» **Records for the task**:
==============================

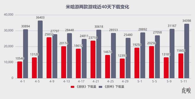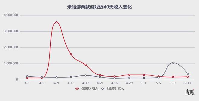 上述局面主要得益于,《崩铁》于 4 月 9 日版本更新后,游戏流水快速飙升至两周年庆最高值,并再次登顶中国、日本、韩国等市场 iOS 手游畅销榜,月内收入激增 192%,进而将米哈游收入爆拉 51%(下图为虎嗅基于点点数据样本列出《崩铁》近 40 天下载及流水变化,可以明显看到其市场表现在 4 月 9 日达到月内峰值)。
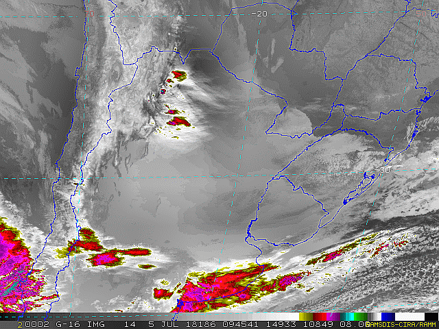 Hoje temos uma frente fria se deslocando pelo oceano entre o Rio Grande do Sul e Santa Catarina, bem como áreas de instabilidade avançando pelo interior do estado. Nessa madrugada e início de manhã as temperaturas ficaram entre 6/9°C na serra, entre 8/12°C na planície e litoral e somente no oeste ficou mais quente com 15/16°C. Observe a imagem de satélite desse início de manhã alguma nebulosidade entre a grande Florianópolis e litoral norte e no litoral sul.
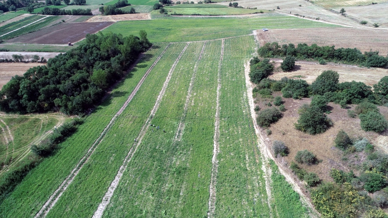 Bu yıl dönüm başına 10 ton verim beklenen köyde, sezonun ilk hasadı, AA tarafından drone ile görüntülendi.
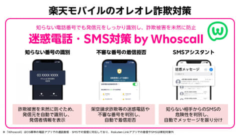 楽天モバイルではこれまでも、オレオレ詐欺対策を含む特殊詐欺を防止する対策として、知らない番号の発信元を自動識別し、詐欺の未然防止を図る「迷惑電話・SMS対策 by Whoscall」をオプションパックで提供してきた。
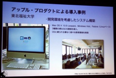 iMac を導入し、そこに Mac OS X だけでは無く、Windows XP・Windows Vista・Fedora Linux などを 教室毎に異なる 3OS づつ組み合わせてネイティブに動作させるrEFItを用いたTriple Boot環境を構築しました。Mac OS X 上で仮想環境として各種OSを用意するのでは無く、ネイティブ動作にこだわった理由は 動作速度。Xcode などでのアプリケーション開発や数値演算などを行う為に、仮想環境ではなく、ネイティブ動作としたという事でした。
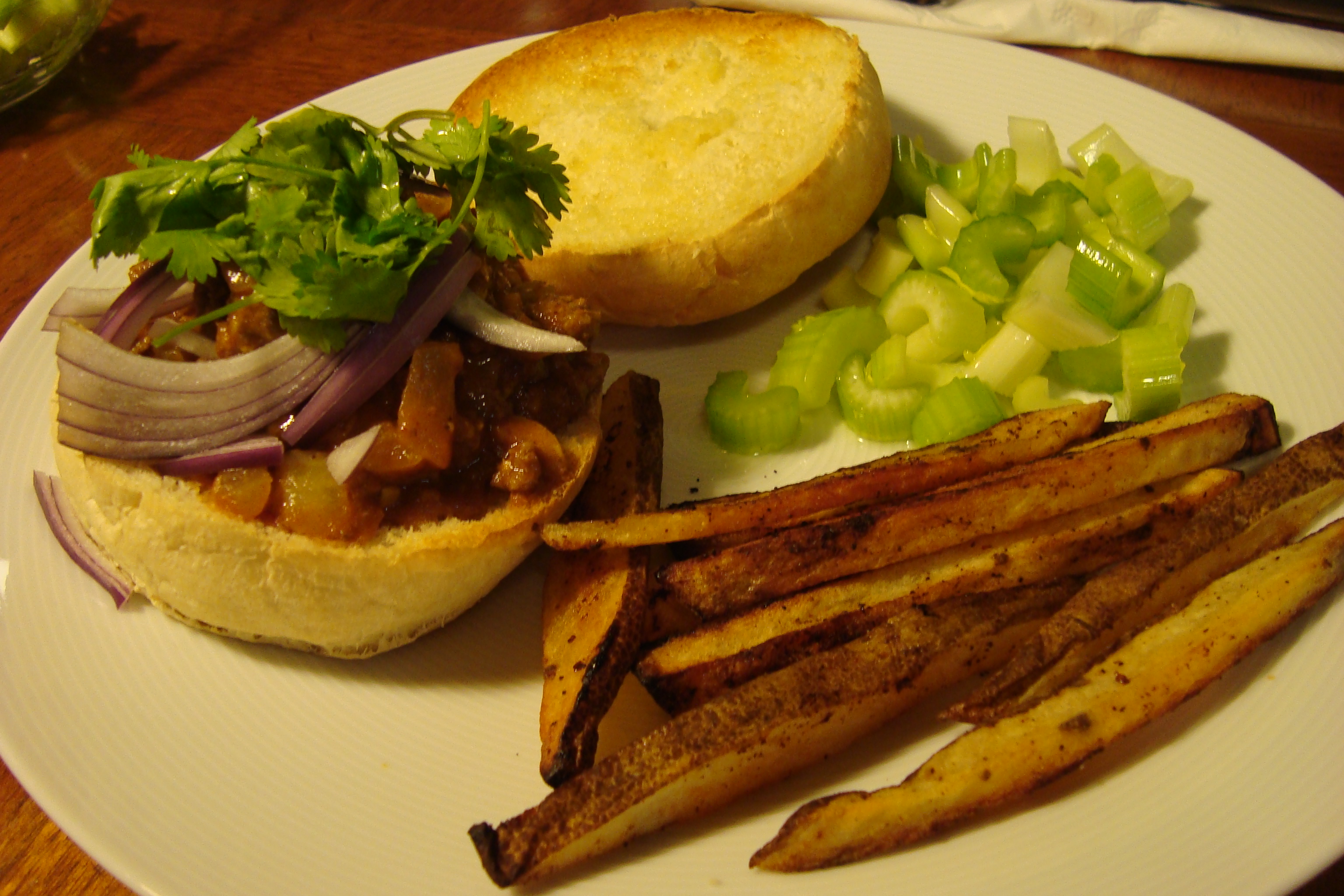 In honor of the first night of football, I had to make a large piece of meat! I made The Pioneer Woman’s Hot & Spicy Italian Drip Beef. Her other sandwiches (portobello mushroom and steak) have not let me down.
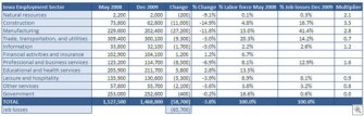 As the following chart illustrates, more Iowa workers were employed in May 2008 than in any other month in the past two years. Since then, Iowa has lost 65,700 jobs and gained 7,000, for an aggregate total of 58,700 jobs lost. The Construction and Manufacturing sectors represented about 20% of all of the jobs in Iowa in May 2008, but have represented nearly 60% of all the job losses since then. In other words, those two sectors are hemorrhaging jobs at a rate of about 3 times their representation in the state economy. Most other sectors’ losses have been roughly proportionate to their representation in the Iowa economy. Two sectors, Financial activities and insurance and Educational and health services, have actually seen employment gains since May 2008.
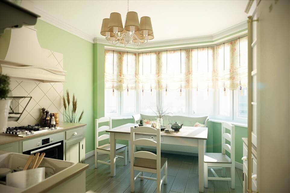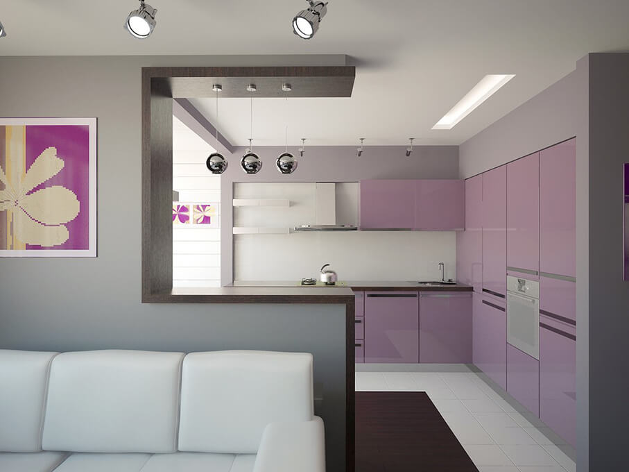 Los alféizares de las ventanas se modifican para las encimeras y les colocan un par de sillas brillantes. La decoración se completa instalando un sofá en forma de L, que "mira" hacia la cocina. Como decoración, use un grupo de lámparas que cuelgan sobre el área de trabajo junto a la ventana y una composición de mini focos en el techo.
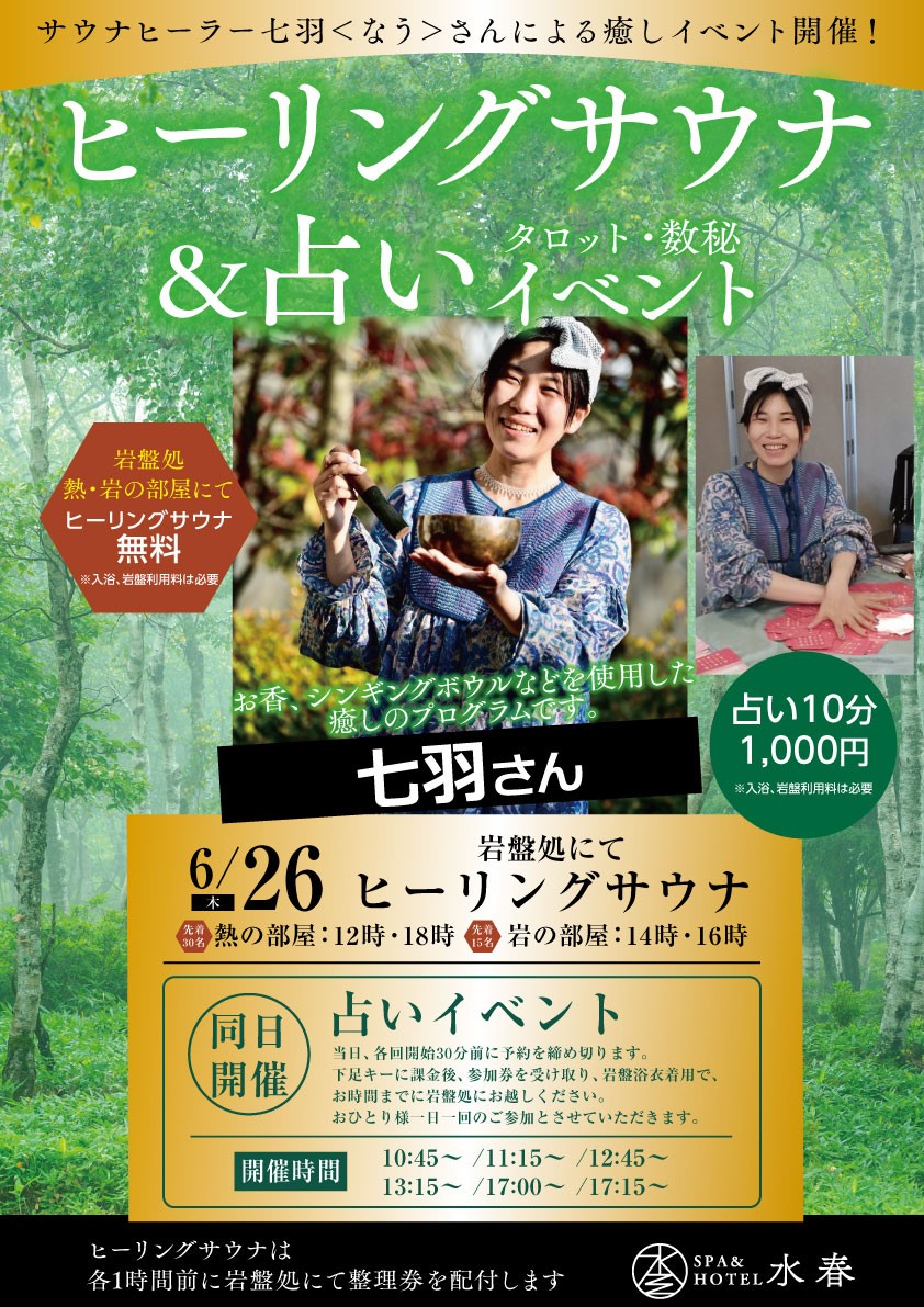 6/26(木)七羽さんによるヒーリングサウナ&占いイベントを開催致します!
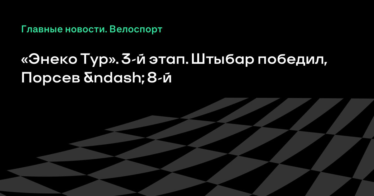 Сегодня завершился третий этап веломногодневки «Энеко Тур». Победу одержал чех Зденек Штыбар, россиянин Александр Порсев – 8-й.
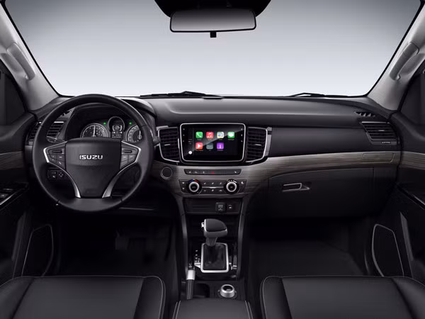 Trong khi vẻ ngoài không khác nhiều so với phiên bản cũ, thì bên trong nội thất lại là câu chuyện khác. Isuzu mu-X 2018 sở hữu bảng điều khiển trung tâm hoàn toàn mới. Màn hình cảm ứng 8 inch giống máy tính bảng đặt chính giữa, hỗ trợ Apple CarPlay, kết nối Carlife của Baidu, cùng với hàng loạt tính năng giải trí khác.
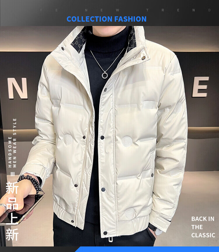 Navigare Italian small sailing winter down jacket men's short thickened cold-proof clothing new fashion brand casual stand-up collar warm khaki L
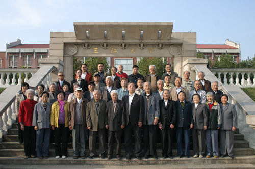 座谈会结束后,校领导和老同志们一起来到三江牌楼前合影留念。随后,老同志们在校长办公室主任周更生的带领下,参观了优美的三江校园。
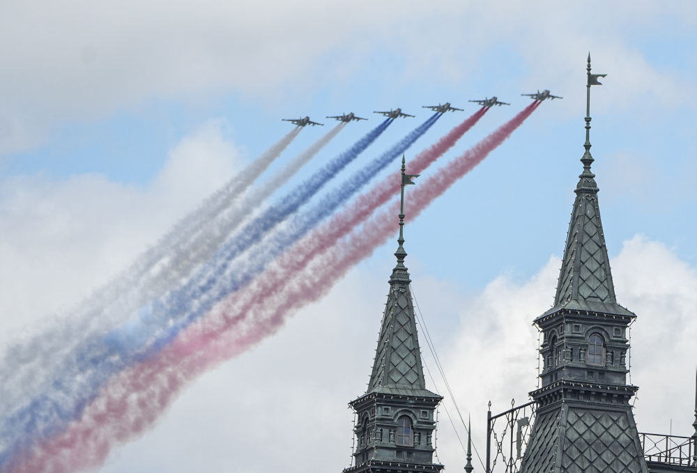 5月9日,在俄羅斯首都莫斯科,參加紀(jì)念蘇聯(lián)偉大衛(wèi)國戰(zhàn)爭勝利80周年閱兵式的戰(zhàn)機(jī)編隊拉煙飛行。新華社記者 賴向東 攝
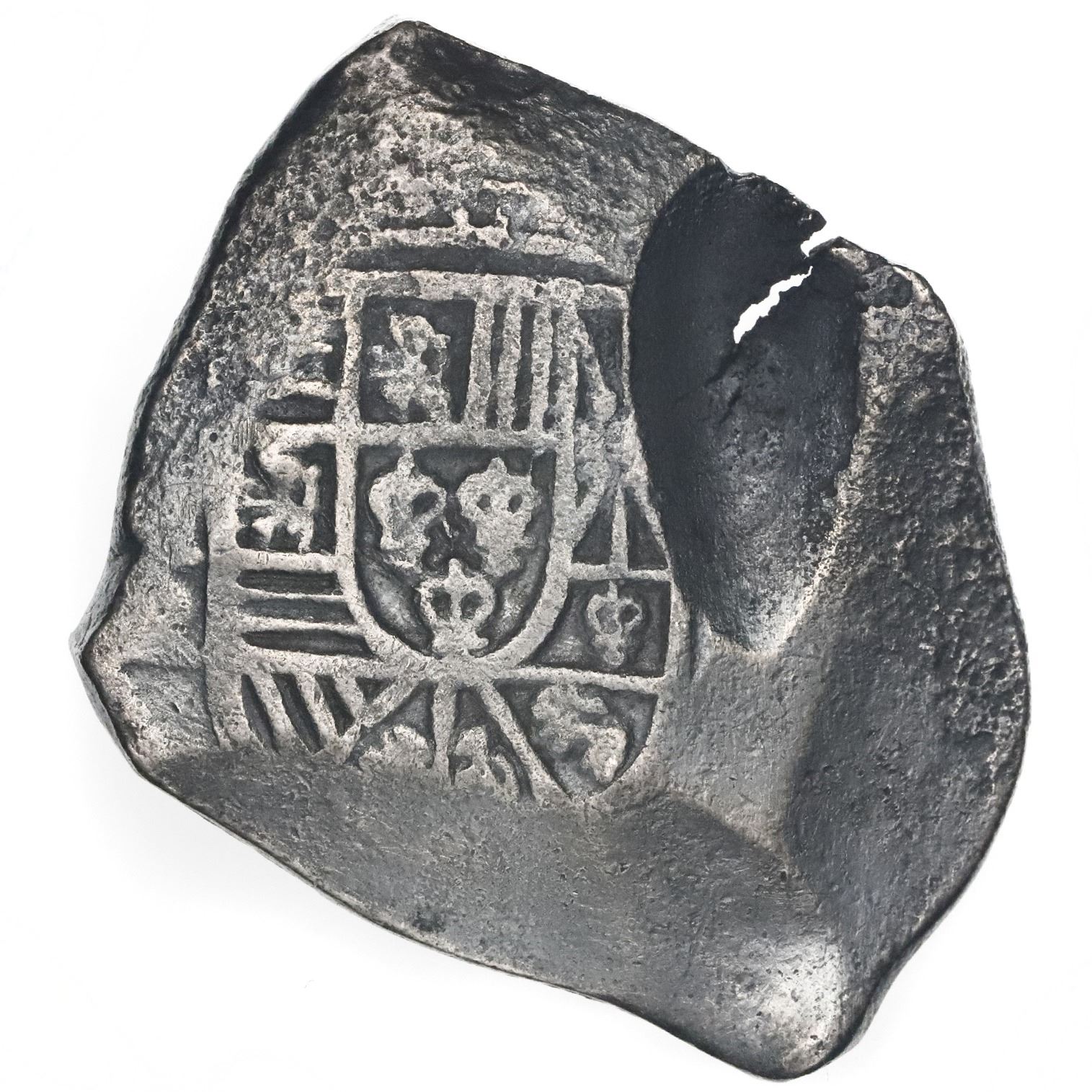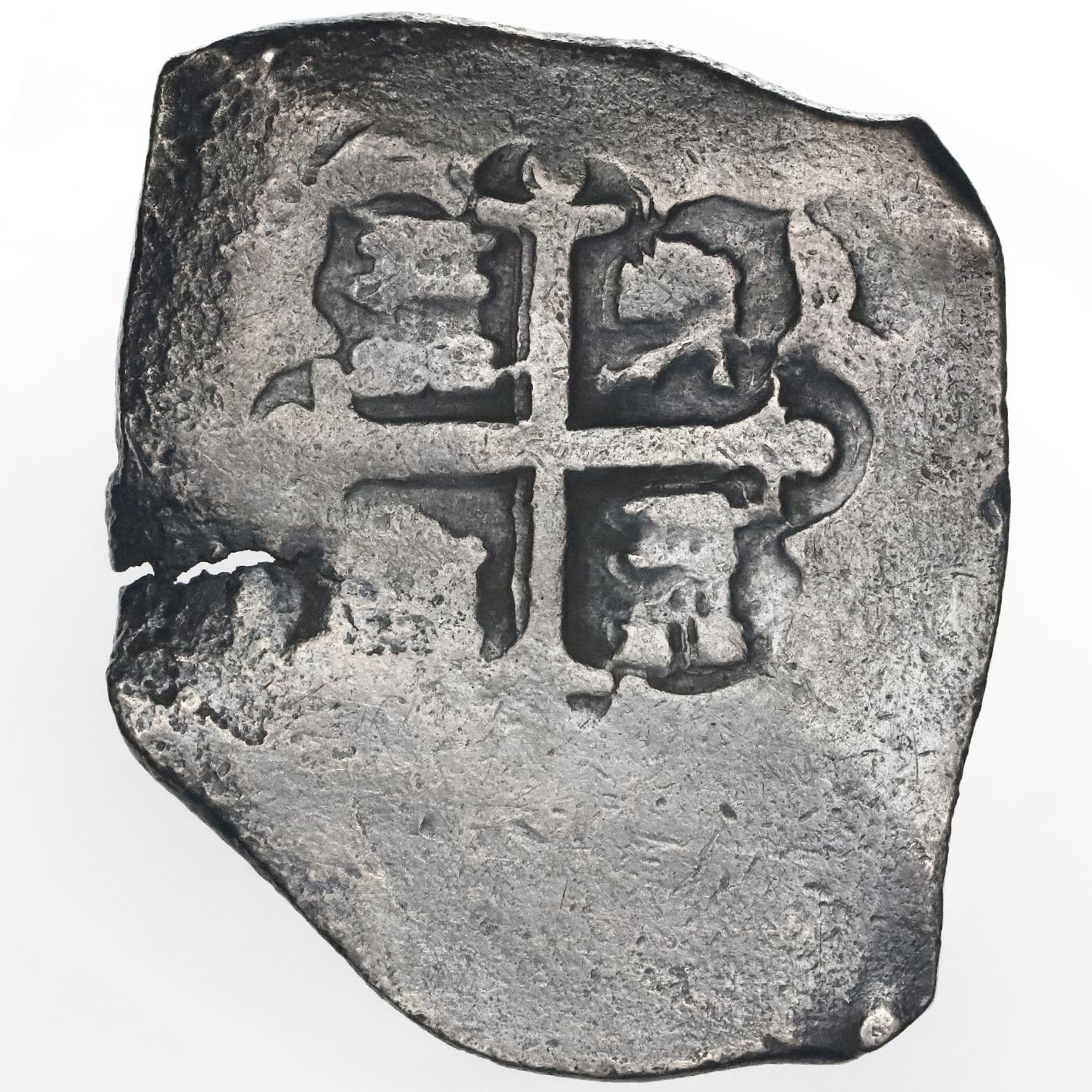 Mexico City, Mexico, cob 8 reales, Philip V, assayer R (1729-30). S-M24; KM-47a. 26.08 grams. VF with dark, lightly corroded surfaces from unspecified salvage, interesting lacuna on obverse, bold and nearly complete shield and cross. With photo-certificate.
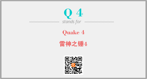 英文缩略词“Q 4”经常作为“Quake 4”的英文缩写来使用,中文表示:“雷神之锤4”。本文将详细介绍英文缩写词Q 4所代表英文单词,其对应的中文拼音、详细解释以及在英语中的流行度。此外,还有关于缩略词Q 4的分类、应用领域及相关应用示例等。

==============================

» **Exercise aim**: With the pictures excluded, the line containing "座谈会结束后,校领导和老同志" and every line after it through the end of the data above are to be transcribed exactly, and nothing more.

» **Answer to this problem**:
 座谈会结束后,校领导和老同志们一起来到三江牌楼前合影留念。随后,老同志们在校长办公室主任周更生的带领下,参观了优美的三江校园。
 5月9日,在俄羅斯首都莫斯科,參加紀(jì)念蘇聯(lián)偉大衛(wèi)國戰(zhàn)爭勝利80周年閱兵式的戰(zhàn)機(jī)編隊拉煙飛行。新華社記者 賴向東 攝
 Mexico City, Mexico, cob 8 reales, Philip V, assayer R (1729-30). S-M24; KM-47a. 26.08 grams. VF with dark, lightly corroded surfaces from unspecified salvage, interesting lacuna on obverse, bold and nearly complete shield and cross. With photo-certificate.
 英文缩略词“Q 4”经常作为“Quake 4”的英文缩写来使用,中文表示:“雷神之锤4”。本文将详细介绍英文缩写词Q 4所代表英文单词,其对应的中文拼音、详细解释以及在英语中的流行度。此外,还有关于缩略词Q 4的分类、应用领域及相关应用示例等。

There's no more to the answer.